Output the data below exactly, without images.

Listed entries:
========================================================================

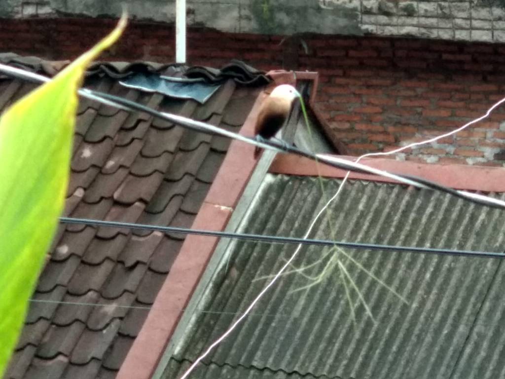 Belum tahu namanya burung ini, ketika saya perhatikan sedang membawa bahan sarang dan hinggap di kabel listrik di depan rumah.
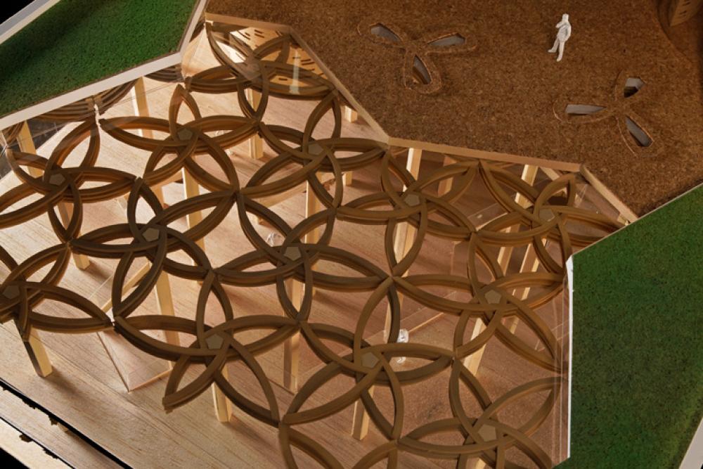 RCや鉄骨の、無駄の無い緊張感を持った構造美に対し、木の構造の美しさは、計算に基づきつつも個々の性能のばらつきを補うべく<ちょっと太め・多め>な中に見出したいと考え、ここでは小さい断面の部材をたくさん使う方法について検討しました。<ランダムではなく規則的><シンプルなのに単調に見えない>架構パターンとして、五角形グリッドに展開する2列3段の重ね透かし梁を提案しています。
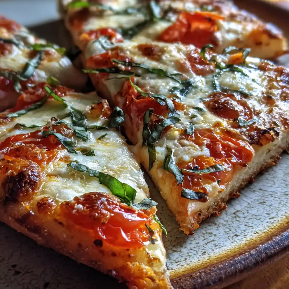 8. Garnish and Serve: Carefully remove the hot pizza from the oven. Let it rest for 2-3 minutes before slicing into wedges. Garnish with fresh basil leaves for a vibrant final touch on this greek yogurt pizza dough recipe.
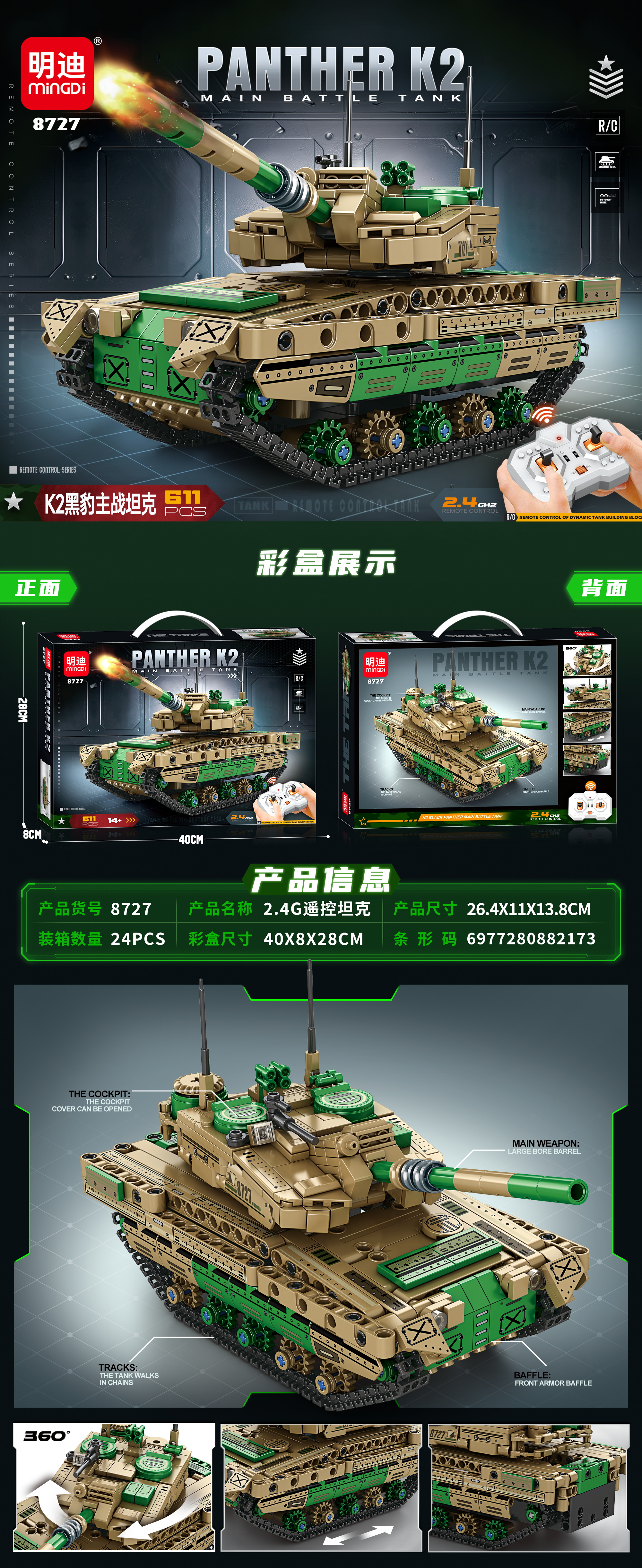 ✨MINGDI - 8727 - Lắp Ráp Xe Tăng Lắp Ráp Điều Khiển Từ Xa Panther K2 (611 Chi Tiết)
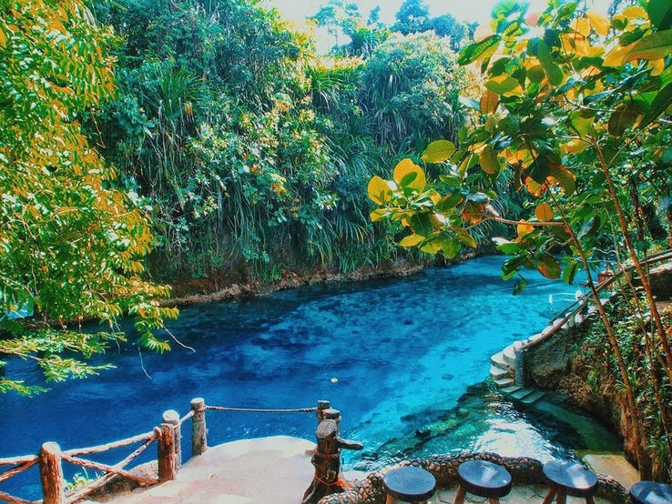 ▼菲律賓,如同藍寶石一般令人著迷的「魔幻之河」(Hinatuan Enchanted River)。
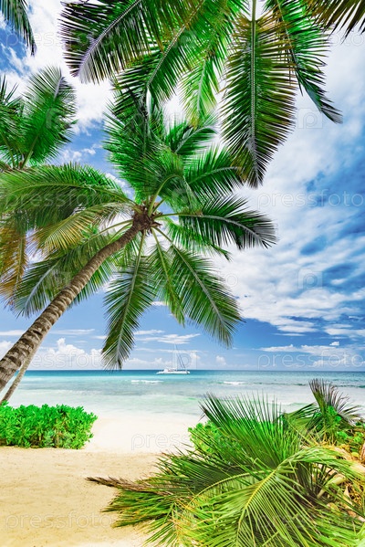 Красивый белый пляж на курорте Карибов
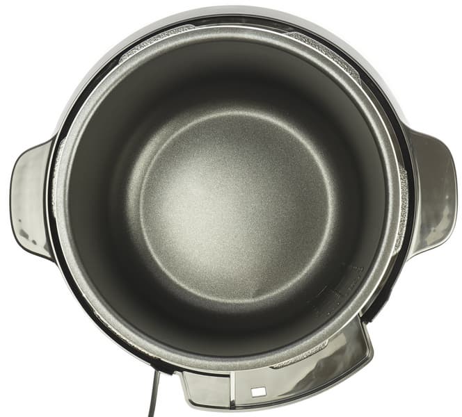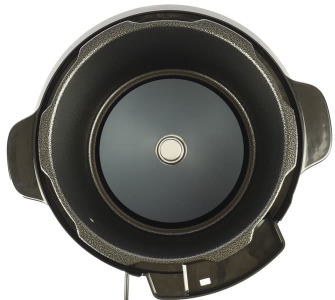 Чаша прибора массивная, с хорошим антипригарным покрытием, без ручек. Общий объем чаши 5 литров, полезный 3,5 литра, высота до края бортика 135 мм. Внутри и снаружи нанесена мерная шкала.
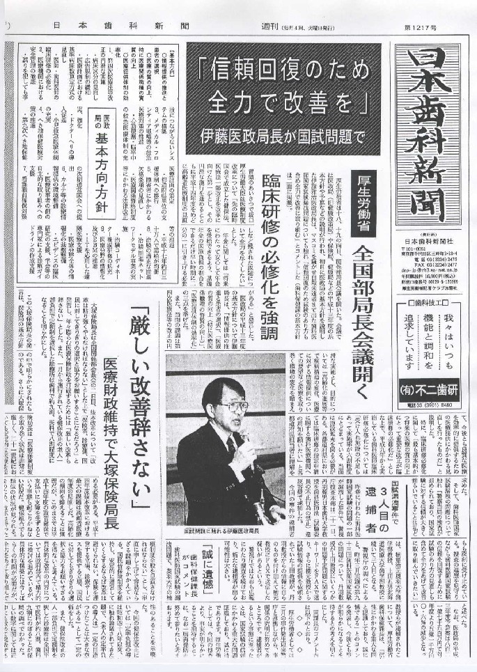 NHKの村田幸子解説委員の放送にあった全国衛生部長会議の,厚生労働省の基本方針の内容が日本歯科新聞(1月23日)に載っていました。ここに、コピーの画像ですが,載せます。
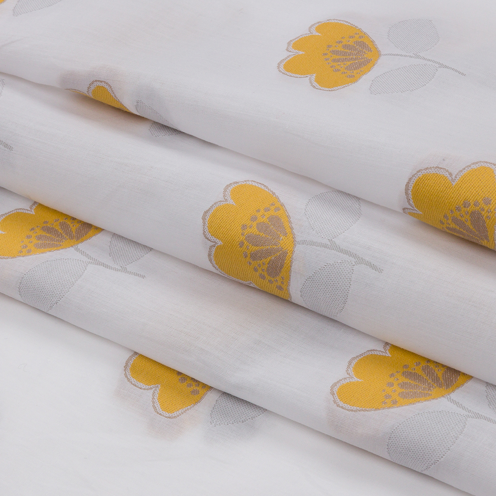 Italian White, Goldenrod and Gray Floral Cotton Jacquard
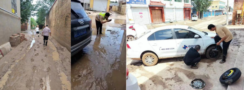 前往公司受损车辆较多的涿州大马村时,村民说中路保险是第一个过来开展车辆救援的保险公司。

========================================================================

Response box:
 Belum tahu namanya burung ini, ketika saya perhatikan sedang membawa bahan sarang dan hinggap di kabel listrik di depan rumah.
 RCや鉄骨の、無駄の無い緊張感を持った構造美に対し、木の構造の美しさは、計算に基づきつつも個々の性能のばらつきを補うべく<ちょっと太め・多め>な中に見出したいと考え、ここでは小さい断面の部材をたくさん使う方法について検討しました。<ランダムではなく規則的><シンプルなのに単調に見えない>架構パターンとして、五角形グリッドに展開する2列3段の重ね透かし梁を提案しています。
 8. Garnish and Serve: Carefully remove the hot pizza from the oven. Let it rest for 2-3 minutes before slicing into wedges. Garnish with fresh basil leaves for a vibrant final touch on this greek yogurt pizza dough recipe.
 ✨MINGDI - 8727 - Lắp Ráp Xe Tăng Lắp Ráp Điều Khiển Từ Xa Panther K2 (611 Chi Tiết)
 ▼菲律賓,如同藍寶石一般令人著迷的「魔幻之河」(Hinatuan Enchanted River)。
 Красивый белый пляж на курорте Карибов
 Чаша прибора массивная, с хорошим антипригарным покрытием, без ручек. Общий объем чаши 5 литров, полезный 3,5 литра, высота до края бортика 135 мм. Внутри и снаружи нанесена мерная шкала.
 NHKの村田幸子解説委員の放送にあった全国衛生部長会議の,厚生労働省の基本方針の内容が日本歯科新聞(1月23日)に載っていました。ここに、コピーの画像ですが,載せます。
 Italian White, Goldenrod and Gray Floral Cotton Jacquard
 前往公司受损车辆较多的涿州大马村时,村民说中路保险是第一个过来开展车辆救援的保险公司。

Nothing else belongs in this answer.